Then the litany of the miseries of these poor women — what a miracle change just one job with a decent salary might do them. But of course this will not be allowed until later in the 19th century and then only through office work and then in the 20th retail. Caroline nearly burnt to death, Miss Murden after all chucked out, Martha (Austen says she will be discreet and then is not) to be off soon after her paid companion position The only one to get a word of real empathy is Miss Sharpe: “born, poor thing! to struggle with Evil .. she is continuing with another woman she did not have to kowtow to so very badly.

Men too: Cholles endlessly drunk. Servants: Jenny’s marriage — a narrow attitude visible: Austen hopes she will not become un-respectable. Why? not controlled in service ?

we get a sharp comment about the hypocrisy of hospitalities: Miss Curling’s visit was apparntly not enjoyed; Mary Lloyd Austen is “of just the kind to enjoy such a visitor.” Did Miss Curling want phoniness and pretense?

News of Charles and Frank’s shipping worlds: Sir Thomas Williams return (Charles’s patron); and of the peninsular war. John Moore now dead in battle, and the words in bad taste — these deaths were in great pain and his was as horrible as any.
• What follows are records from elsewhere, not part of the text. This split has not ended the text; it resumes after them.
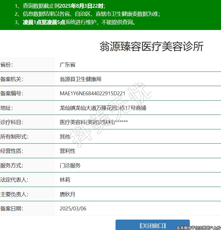 省份:廣東省備案機關:翁源縣衛(wèi)生健康局備案編號:MAE1Y6NE6844022915D221地址:龍仙鎮(zhèn)龍仙大道萬隆花園5棟17號商鋪診療科目:醫(yī)療美容科(美容皮膚科)******所有制形式:其他經(jīng)營性質:營利性服務方式:門診服務法定代表人:林莉主要負責人:唐秋月備案日期:2025/03/06 -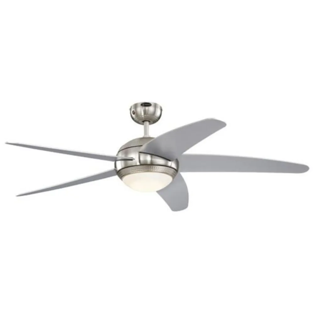 Den moderne loftventilator Bendan har et forkromet hus og sølvfarvede trævinger. Den hamrede dekoration giver et meget attraktivt udseende. Takket være den integrerede LED-lampe kan Bendan også fungere som grundbelysning i stuen. LED-belysningen kan også dæmpes med den medfølgende fjernbetjening. Der kræves AA-batterier til fjernbetjeningen (medfølger ikke, kan bestilles som tilbehør).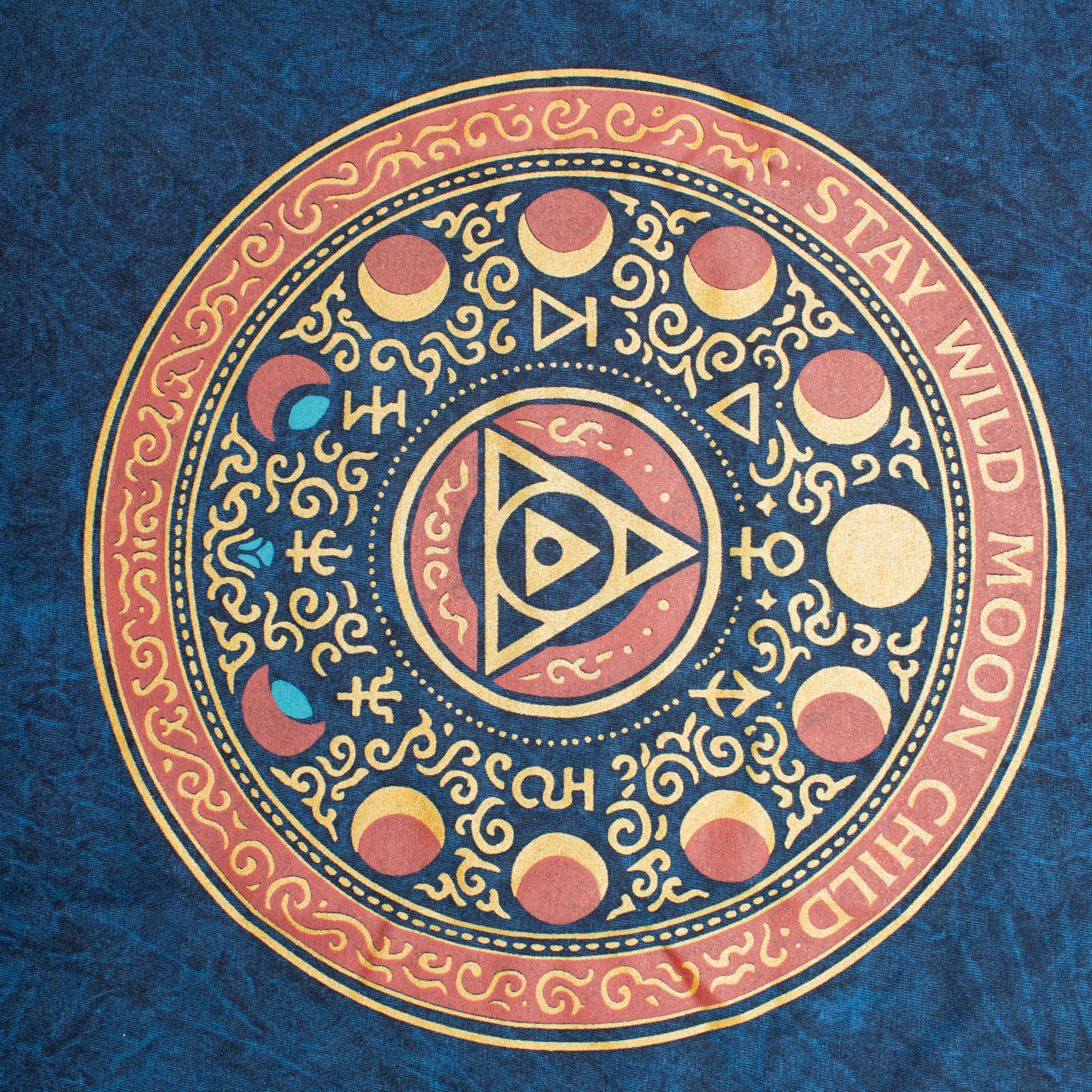 The Nomad Sari "Stay Wild Moon Child" T-shirt in Medium is a versatile staple for retailers catering to the bohemian and adventure markets. The fabric is treated with a specialised stone-wash technique, resulting in a rich, marbled blue finish that is exceptionally soft to the touch.

Austen says even if he’s such a hero, maybe his mother won’t miss him and he did not die in Christian enough ways. One ordinary Morrell is more to another than John to his mother. What this sudden animosity stems from is not in the passage. Then on Maitland surviving, but the same cool reaction: she’s not going to enter in to the cares of that family.

Who wants her to? Maybe thinking on the miseries of women is part of the context for this kind of iron obtuseness

Then her attention returns to her concerns overtly: her mother can’t get out, her mother wants Cassandra to “beg” (begging is the verb used Mrs Seward to crop the garden at Chawton. Is it a case of sponging here? Austen is sure Cassandra will forget nothing, and then again the nasty narrow mindedness crops up about Lady Sondes. I’d number Austen in a letter like this as among the neighbor gossips that make other people so anxious lest anyone talk about them.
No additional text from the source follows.